A two-year-old female child presented with loss of vision in her left eye. Examination showed leukocoria and intraocular calcification was identified on scanning. The suspected diagnosis was intraocular retinoblastoma and the child underwent an enucleation. The eyeball was submitted for ophthalmic pathology assessment. Figures 1, 2, 3 and 4 illustrate the salient histopathological features of the case.
1. What are the two arrows pointing at in Figure 1?
2. What is indicated by the star and arrow in Figure 2
(clue: the structures indicated by the arrow are in the peripheral, temporal outer retina)?
3. What are the arrows pointing to in Figure 3?
4. Which pathological process is shown in Figure 4?
5. What is the diagnosis based on the histopathological features?
6. The process of which ophthalmic conditions are present in Figure 4?
7. Are there any surprising clinical and histological features?
1. The yellow arrow is pointing to a detached retina. The blue arrow is sub-retinal serous exudate, lying between the detached retina and the sclera.
2. The yellow star is a proteinaceous serous exudate, which appears a pink colour and the arrow is pointing to abnormal vessels in the peripheral, temporal retina, containing blood.
3. These are lipid-laden macrophages near the retinal pigment epithelium (RPE).
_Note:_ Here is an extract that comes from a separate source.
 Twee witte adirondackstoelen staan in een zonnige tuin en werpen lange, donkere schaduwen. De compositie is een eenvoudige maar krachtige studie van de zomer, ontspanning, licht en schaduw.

They have a frothy cytoplasmic appearance due to the high concentration of lipid material that has oozed from the vessels in the temporal retina being ingested by tissue macrophages.
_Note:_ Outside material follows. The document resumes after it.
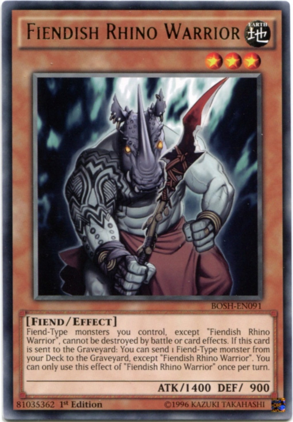 Yu-Gi-Oh! Fiendish Rhino Warrior (BOSH-EN091) - Rare - NM-MINT - 1st Edition

4. This is dystrophic calcification of vessels. Dystrophic calcification appears as purple material deposited on the surfaces of pre-existing anatomical structures or is often seen in scar tissue.
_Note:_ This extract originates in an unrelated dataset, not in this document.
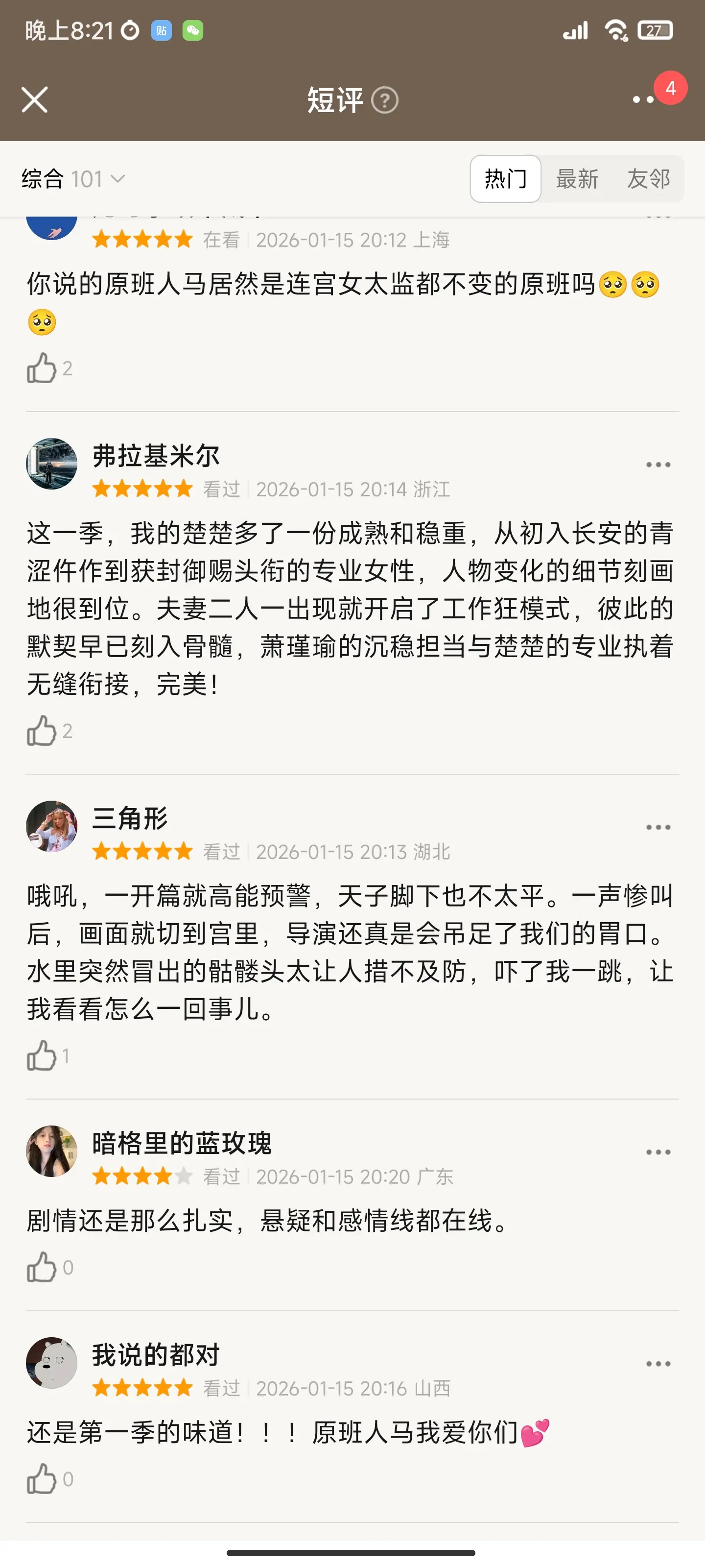 而且原班人马,就连宫女太监都没换,是真的很尊重观众了。三法司的默契还是老样子,没有陌生感。夫妻二人一出现就开启工作狂模式,彼此默契,萧瑾瑜的沉稳担当和楚楚的专业执着无缝衔接,完美。

5. Coats disease. This is based on the presence of the chronic serous exudate and the temporal, peripheral abnormal retinal vessels.
6. Retinoblastoma, retinocytoma and tuberous sclerosis.
7. The patient is a female and there is intra-retinal calcification. Coats disease affects male children usually and is characterised by the presence of abnormally dilated outer retinal vessels in the temporal peripheral retina causing chronic exudation phenomena. One of the clinical features used to distinguish Coats from retinoblastoma is the latter showing calcification. Indeed, this was the suspected indication for enucleation in this case. However, chronic Coats disease can show intra-retinal calcification. (Miller DM, Benz MS, Murray TG, Dubovy SR. Intraretinal calcification and osseous metaplasia in coats disease. Arch Ophthalmol 2004;122(11):1710-2). No viable retinoblastoma was seen in this specimen.